## Problem details
Copy nothing but the line with "這是在第二屆進(jìn)博會" and the lines that follow it to the end of the entries below, and keep the pictures out.

## Extracted data
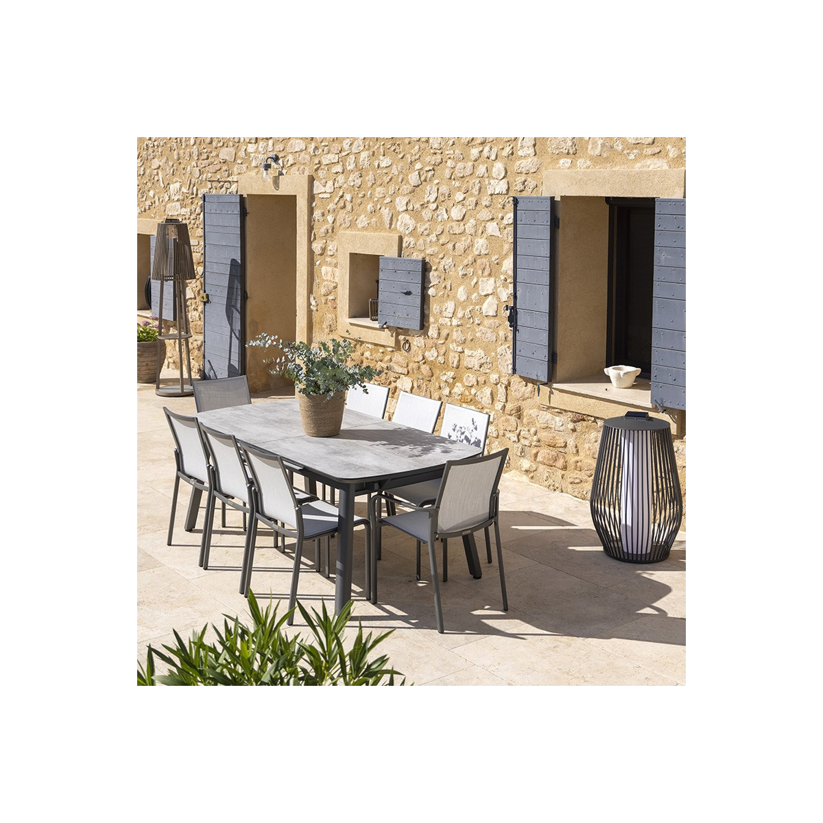 nvitez l’élégance nordique dans votre extérieur avec la gamme COPENHAGUE, une collection inspirée du design scandinave, mêlant courbes rétro et robustesse de la structure aluminium. Pensée pour durer, elle associe matériaux nobles et grande facilité d’entretien : le plateau HPL finition béton ciré nécessite très peu de soins. La nouveauté phare : la table extensible 200/300 x 100 cm, en aluminium gris espace et plateau HPL béton ciré, pensée pour sublimer votre terrasse. Ses lignes aériennes, son piétement évasé et sa silhouette intemporelle apportent une élégance sobre et contemporaine. Pratique et conviviale, elle s’allonge aisément pour accueillir jusqu’à 12 convives, garantissant confort et stabilité. Un incontournable pour compléter harmonieusement la collection COPENHAGUE avec des matériaux modernes et durables.
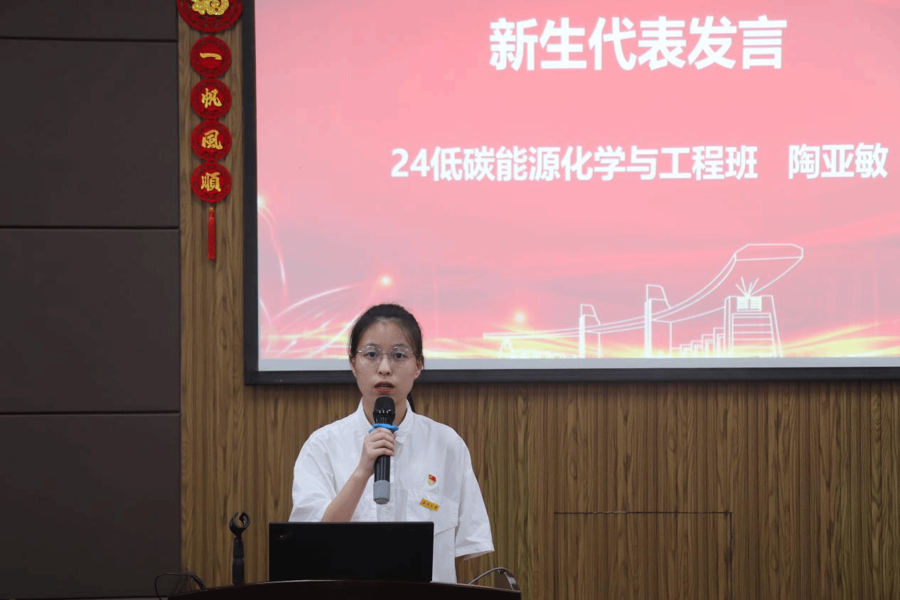 新生代表24低碳能源化学与工程班陶亚敏同学发言。她感恩在温大化材学院度过的本科时光,是学院的整体学术氛围帮助自我不断坚定科研信念、锻炼无畏勇气,敢于挑战未知领域,并积极表态要扎根于学术沃土、接续探索钻研,努力为服务国家战略发展提供可行且高效的解决方案。
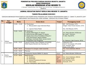 Rapat Kerja SMAN 70 tahun 2020-2021 dilaksanakan secara virtual
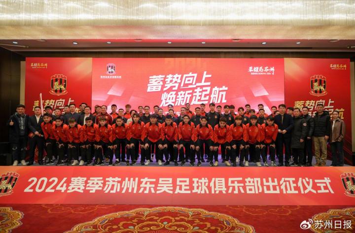 蓄势向上,焕新起航,今天(3月4日)上午,2024赛季苏州东吴足球俱乐部出征仪式在香山国际大酒店举行。
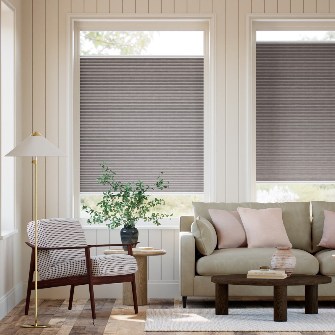 It’s grounding and tactile an ideal companion for warm neutrals and rustic palettes. Designed with blackout fabric and aluminium-lined honeycomb insulation, it’s perfect for conservatories that bask in the sun or rooms that need quiet, cosy shade.
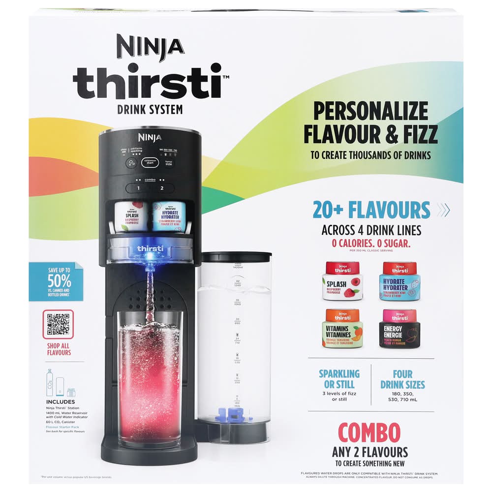Ninja Thirsti Drink System Makes Sparkling & Still Water, Black
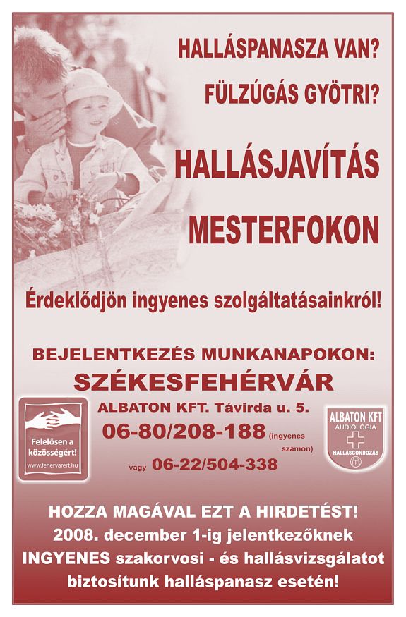 Székesfehérvár társadalmi felelősségvállalási programjához csatlakozott az Albatone hallásközpont is. December elsejéig ingyenes szakorvosi- és hallásvizsgálatot biztosítanak mindenkinek, aki úgy érzi probléma van hallásával. A Távirda utcai rendelőben szakorvosok vizsgálják a halláspanasszal jelentkezőket. Az ingyenes hallásvizsgálatra a 06-80/208-188-as telefonszámon lehet bejelentkezni.
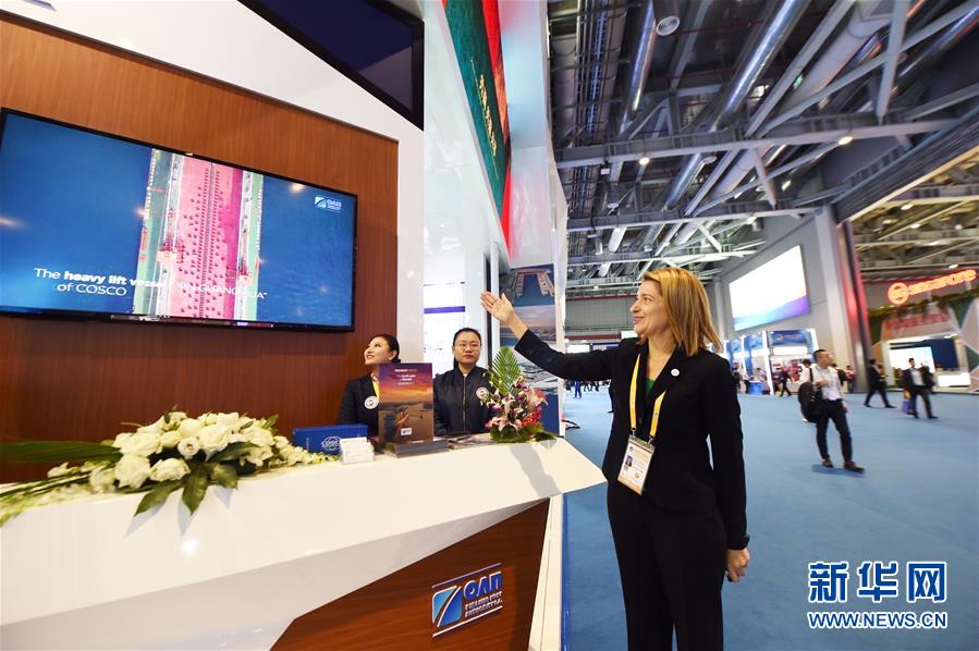 這是在第二屆進(jìn)博會上拍攝的希臘比雷埃夫斯港展臺(11月8日攝)。新華社記者尹炣攝
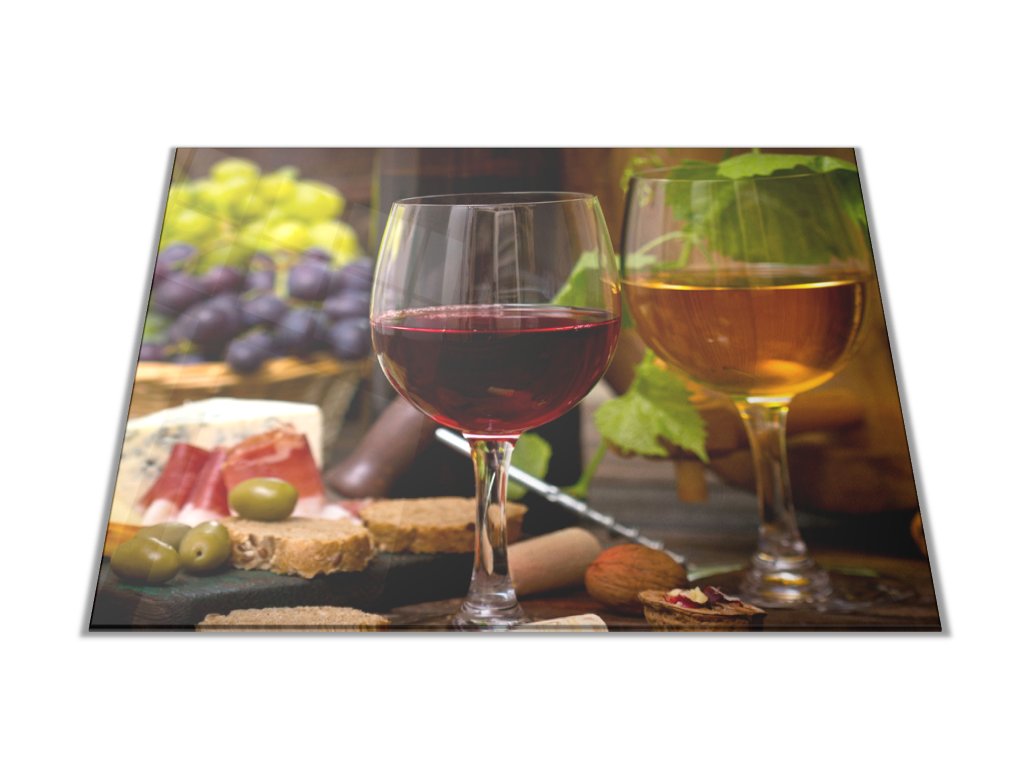 Skleněné prkénko dvě sklenice vína a pochutiny

## Response to the exercise
 這是在第二屆進(jìn)博會上拍攝的希臘比雷埃夫斯港展臺(11月8日攝)。新華社記者尹炣攝
 Skleněné prkénko dvě sklenice vína a pochutiny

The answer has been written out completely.